Exercise details: Nothing but the lines below from the one holding "La Figura 6" up to and including the one holding "亮實招,扛起責任,挺紀在前拉" should be copied, exactly and without pictures.

Material shown:
-.-.-

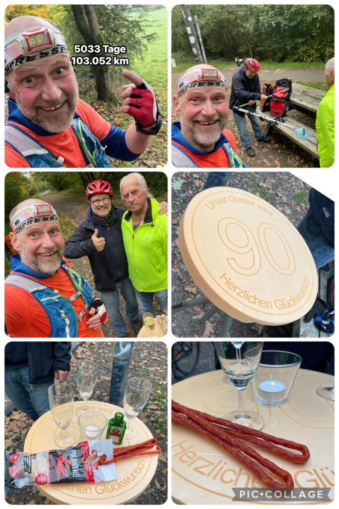 Günter ist heute 90 Jahre jung geworden. Ich sehe ihn fast jeden Tag, wenn er bis kurz hinter Bergisch Born marschiert und wieder zurück. Heute wurde gefeiert. Gary hat einen Tisch gefertigt, Sekt und Kuchen mitgebracht. Günter hatte ein paar Schnäpse und fettige Wurst dabei.
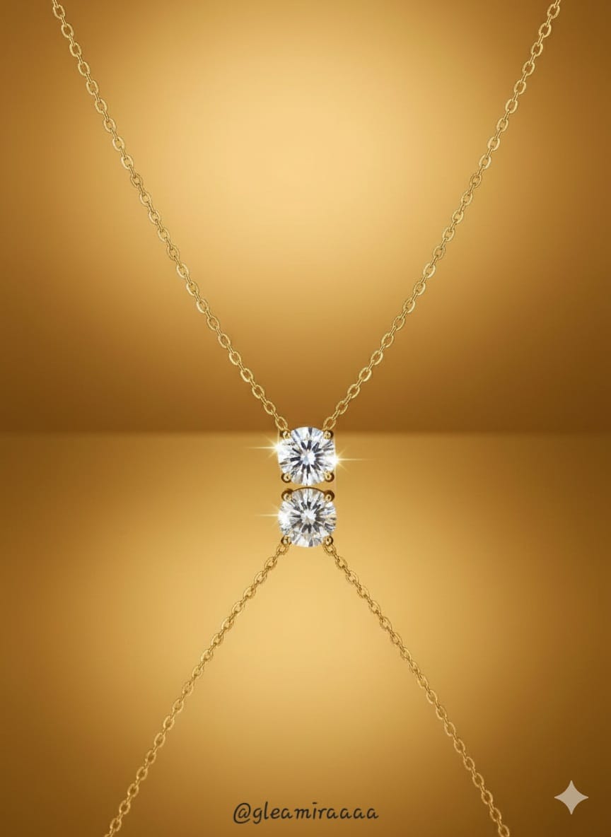 Illuminate your décolletage with the Gleamira Dazzling Dual Solitaire Gold Necklace. This exquisite piece features two brilliant, round-cut solitaire gemstones, meticulously faceted to capture and reflect light with exceptional sparkle. Each gem is elegantly set on a delicate gold-tone chain, designed to create a captivating and luxurious statement. The twin solitaires offer a sophisticated shimmer, perfect for adding glamour to an evening ensemble or a touch of refined brilliance to your everyday look. This necklace is an ideal gift for celebrating milestones, expressing love, or simply indulging in timeless elegance and radiant beauty.
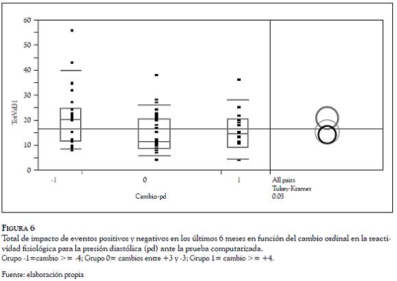 La Figura 6 muestra una diferencia significativa entre el grupo cuya presión diastólica descendió (grupo -1) con respecto al grupo sin cambio sustancial en ese indicador (grupo 0), siendo las personas que reportaron el mayor impacto emocional de eventos ocurridos en los últimos meses los que reaccionaron con mayor intensidad a la baja en su presión diastólica como resultado de la prueba computarizada. Las diferencias entre grupos fueron estadísticamente significativas (F=3.5; p=0.03), siendo las medias del impacto reportado de 17.7 para el grupo de cambio fisiológico descendente, de 10.5 para el grupo sin cambio y de 12 puntos para el grupo de cambio ascendente.
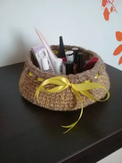 Корзинка связана из джутовой нити с добавлением нитки контрастного цвета. Подходит для хранения всяких "нужностей"
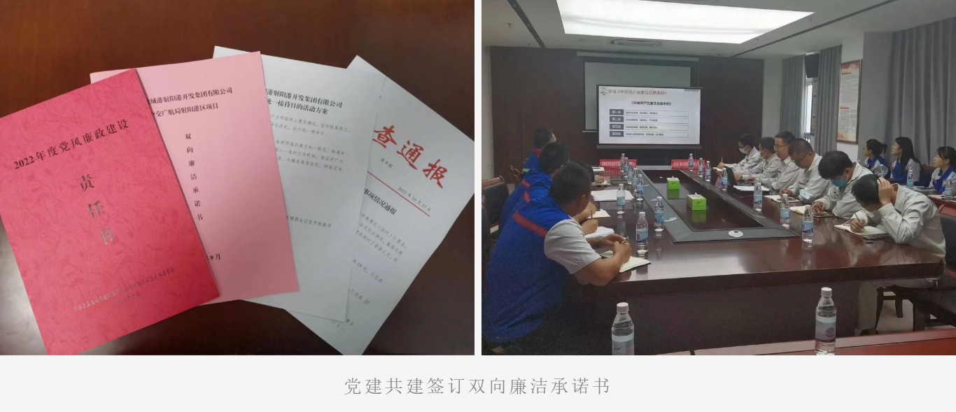 亮實招,扛起責任,挺紀在前拉起廉潔防線。射陽港區黨總支專題研究黨風廉政建設工作,制定《2022年全面從嚴治黨主體責任清單》,逐級簽訂黨風廉政建設責任書,一級抓一級,層層落實責任;召開黨風廉政建設工作大會、警示教育大會、書記上廉政專題黨課,組織赴廉政教育基地接受實境教育,開展廉政專項談話,主要領導逢會必講廉潔,常態化學習教育時刻警醒全體員工知敬畏、守底線。
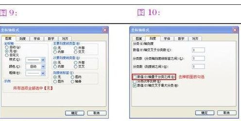 制作柏拉图步骤6:将鼠标移到上图红色框内右击一下,弹出如图9所示对话框,把【图案】选项卡上所有选项全部选中为【无】,再单击【刻度】选项卡,如图10所示,去掉红色框内勾选,单击【确定】后如图11所示。

-.-.-

Result of the task:
 La Figura 6 muestra una diferencia significativa entre el grupo cuya presión diastólica descendió (grupo -1) con respecto al grupo sin cambio sustancial en ese indicador (grupo 0), siendo las personas que reportaron el mayor impacto emocional de eventos ocurridos en los últimos meses los que reaccionaron con mayor intensidad a la baja en su presión diastólica como resultado de la prueba computarizada. Las diferencias entre grupos fueron estadísticamente significativas (F=3.5; p=0.03), siendo las medias del impacto reportado de 17.7 para el grupo de cambio fisiológico descendente, de 10.5 para el grupo sin cambio y de 12 puntos para el grupo de cambio ascendente.
 Корзинка связана из джутовой нити с добавлением нитки контрастного цвета. Подходит для хранения всяких "нужностей"
 亮實招,扛起責任,挺紀在前拉起廉潔防線。射陽港區黨總支專題研究黨風廉政建設工作,制定《2022年全面從嚴治黨主體責任清單》,逐級簽訂黨風廉政建設責任書,一級抓一級,層層落實責任;召開黨風廉政建設工作大會、警示教育大會、書記上廉政專題黨課,組織赴廉政教育基地接受實境教育,開展廉政專項談話,主要領導逢會必講廉潔,常態化學習教育時刻警醒全體員工知敬畏、守底線。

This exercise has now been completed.